When we got back, I had already moved out of my military housing, but I didn't want to spend my last few days of freedom on the ship so I got a hotel room. One of the girls I work with stayed with me and we were getting ready to go out to dinner and watching TV when.....

BREAKING NEWS. THE SCHEDULED DEPLOYMENT HAS BEEN CANCELLED.

To say my jaw dropped would be an understatement. I was excited and devastated at the same time. Excited because I had never been completely committed to the thought of being on a ship for months at a time and having limited contact with family and friends. Devastated because I had basically packed my life into storage, given up my housing and car, and now we weren't going anywhere? I had also been looking forward to stacking up money while on deployment and finally climbing out of the financial hole that I've been in for so long. If we weren't going anywhere, that wouldn't be happening any time soon.

Apparently we wouldn't be going due to "budget strains," but I wondered how no one knew about these budget strains up until two days before we were scheduled to leave. They had to know about it. I knew they had to know. Yet they allowed everyone to make arrangements to get rid of their cars, move their families back home, move out of their houses, only to drop a bombshell at the last moment. This only added one more item to the laundry list of reasons why I can't wait to get out.

Since the deployment was cancelled, I quickly had to get back into the mode of staying in Virginia. The few days I had gone without a car were extremely unpleasant so I made arrangements to get it out of storage ASAP. When it was all said and done I ended up spending almost a grand just to have my car in storage for a little over a month. Yeah......not cool. And of course when anyone asked if any reimbursement would be given for all the expenses we paid to prepare for deployment, the response was something along the lines of: "Well, this is just how things go when you're in the military and you have to be flexible."

I thought I would have to scrape together money to get an apartment, but thankfully I was one of the few people on the list of apartments that hadn't been occupied yet, so I was able to move back into the same place I was staying before our scheduled deployment.

I think somehow, the fact that deployment got cancelled has made me extra bitter with the military, and life in general. I feel like I can never make any plans or set any goals because I am always in limbo waiting for the changes of the Navy. I have been wanting to take a class or two, and if we had gone on deployment, they were offering courses on the ship, but of course that's not happening now. And even though we are not leaving yet, we still go out to sea at random so I can't enroll in classes at a university on campus.

I find myself wanting to go home before I even walk out the door to go to work. Several people have commented on how depressed and tired I seem. Someone asked if I wanted to talk to a chaplain or ship psychiatrist. I talked to a chaplain before and that didn't help much, and for some reason I feel like if I talk to a psychiatrist, anything I say will be twisted and taken out of context and I'll end up in a padded room wearing a straitjacket doped up on meds.

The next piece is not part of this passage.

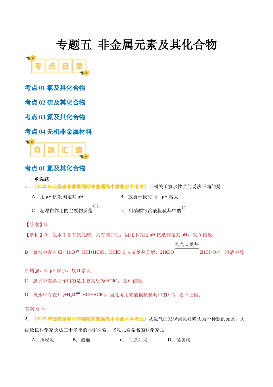 专题五非金属元素及其化合物考点01氯及其化合物考点02硫及其化合物考点03氮及其化合物考点04无机非金属材料考点01氯及其化合物一、单选题1.(2023年云南省春季学期期末普通高中学业水平考试)下列关于氯水性质的...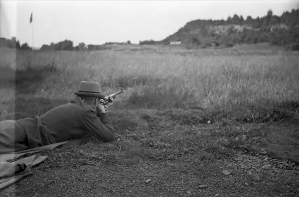 Skytterløkken/Skyttervollen, skytebane på østre del av Lindøya. Velhuset til Lindøya Vel kan ses til venstre i bildet. Klubben Skarpskytten hadde tilhold her.

I want to find a focus again. A purpose. A few years ago if someone asked me what I had planned for my future, I could lay it all out step by step. Now if someone asked that, all I could say is, "I don't know." I don't like feeling that way. Just existing for the next three years will be a pretty miserable experience. I've just been existing for the past two and it is emotionally, mentally, and physically draining. I have to get better.